In full and word for word, restate the lines of the listing.

------------------------------------------------------------

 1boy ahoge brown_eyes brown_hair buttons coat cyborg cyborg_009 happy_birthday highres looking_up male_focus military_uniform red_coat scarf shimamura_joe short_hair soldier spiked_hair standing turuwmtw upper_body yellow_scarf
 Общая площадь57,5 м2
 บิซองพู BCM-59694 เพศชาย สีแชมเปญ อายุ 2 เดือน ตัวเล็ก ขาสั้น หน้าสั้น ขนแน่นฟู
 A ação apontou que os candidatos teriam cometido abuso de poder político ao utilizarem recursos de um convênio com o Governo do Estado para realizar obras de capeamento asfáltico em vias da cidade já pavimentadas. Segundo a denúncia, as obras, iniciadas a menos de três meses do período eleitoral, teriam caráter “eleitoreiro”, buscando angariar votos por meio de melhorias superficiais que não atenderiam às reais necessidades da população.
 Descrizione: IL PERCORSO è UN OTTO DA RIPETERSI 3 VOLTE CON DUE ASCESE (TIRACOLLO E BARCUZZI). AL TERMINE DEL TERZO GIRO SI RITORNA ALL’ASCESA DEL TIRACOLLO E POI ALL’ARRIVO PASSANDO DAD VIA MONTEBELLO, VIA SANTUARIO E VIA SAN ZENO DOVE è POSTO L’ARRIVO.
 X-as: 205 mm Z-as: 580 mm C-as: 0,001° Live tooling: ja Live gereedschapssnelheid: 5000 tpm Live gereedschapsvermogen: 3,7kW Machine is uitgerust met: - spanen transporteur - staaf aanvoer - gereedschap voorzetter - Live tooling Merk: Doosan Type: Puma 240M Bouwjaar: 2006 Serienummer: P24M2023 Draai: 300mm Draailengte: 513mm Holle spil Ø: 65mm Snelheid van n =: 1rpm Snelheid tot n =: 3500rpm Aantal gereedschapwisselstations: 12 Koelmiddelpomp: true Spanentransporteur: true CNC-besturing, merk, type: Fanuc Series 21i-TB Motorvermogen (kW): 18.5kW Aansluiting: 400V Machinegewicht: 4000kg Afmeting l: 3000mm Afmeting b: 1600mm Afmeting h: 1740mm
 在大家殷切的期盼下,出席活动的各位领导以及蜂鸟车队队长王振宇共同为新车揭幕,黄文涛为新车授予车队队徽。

------------------------------------------------------------

◆ **SOLVED PROBLEM**
 1boy ahoge brown_eyes brown_hair buttons coat cyborg cyborg_009 happy_birthday highres looking_up male_focus military_uniform red_coat scarf shimamura_joe short_hair soldier spiked_hair standing turuwmtw upper_body yellow_scarf
 Общая площадь57,5 м2
 บิซองพู BCM-59694 เพศชาย สีแชมเปญ อายุ 2 เดือน ตัวเล็ก ขาสั้น หน้าสั้น ขนแน่นฟู
 A ação apontou que os candidatos teriam cometido abuso de poder político ao utilizarem recursos de um convênio com o Governo do Estado para realizar obras de capeamento asfáltico em vias da cidade já pavimentadas. Segundo a denúncia, as obras, iniciadas a menos de três meses do período eleitoral, teriam caráter “eleitoreiro”, buscando angariar votos por meio de melhorias superficiais que não atenderiam às reais necessidades da população.
 Descrizione: IL PERCORSO è UN OTTO DA RIPETERSI 3 VOLTE CON DUE ASCESE (TIRACOLLO E BARCUZZI). AL TERMINE DEL TERZO GIRO SI RITORNA ALL’ASCESA DEL TIRACOLLO E POI ALL’ARRIVO PASSANDO DAD VIA MONTEBELLO, VIA SANTUARIO E VIA SAN ZENO DOVE è POSTO L’ARRIVO.
 X-as: 205 mm Z-as: 580 mm C-as: 0,001° Live tooling: ja Live gereedschapssnelheid: 5000 tpm Live gereedschapsvermogen: 3,7kW Machine is uitgerust met: - spanen transporteur - staaf aanvoer - gereedschap voorzetter - Live tooling Merk: Doosan Type: Puma 240M Bouwjaar: 2006 Serienummer: P24M2023 Draai: 300mm Draailengte: 513mm Holle spil Ø: 65mm Snelheid van n =: 1rpm Snelheid tot n =: 3500rpm Aantal gereedschapwisselstations: 12 Koelmiddelpomp: true Spanentransporteur: true CNC-besturing, merk, type: Fanuc Series 21i-TB Motorvermogen (kW): 18.5kW Aansluiting: 400V Machinegewicht: 4000kg Afmeting l: 3000mm Afmeting b: 1600mm Afmeting h: 1740mm
 在大家殷切的期盼下,出席活动的各位领导以及蜂鸟车队队长王振宇共同为新车揭幕,黄文涛为新车授予车队队徽。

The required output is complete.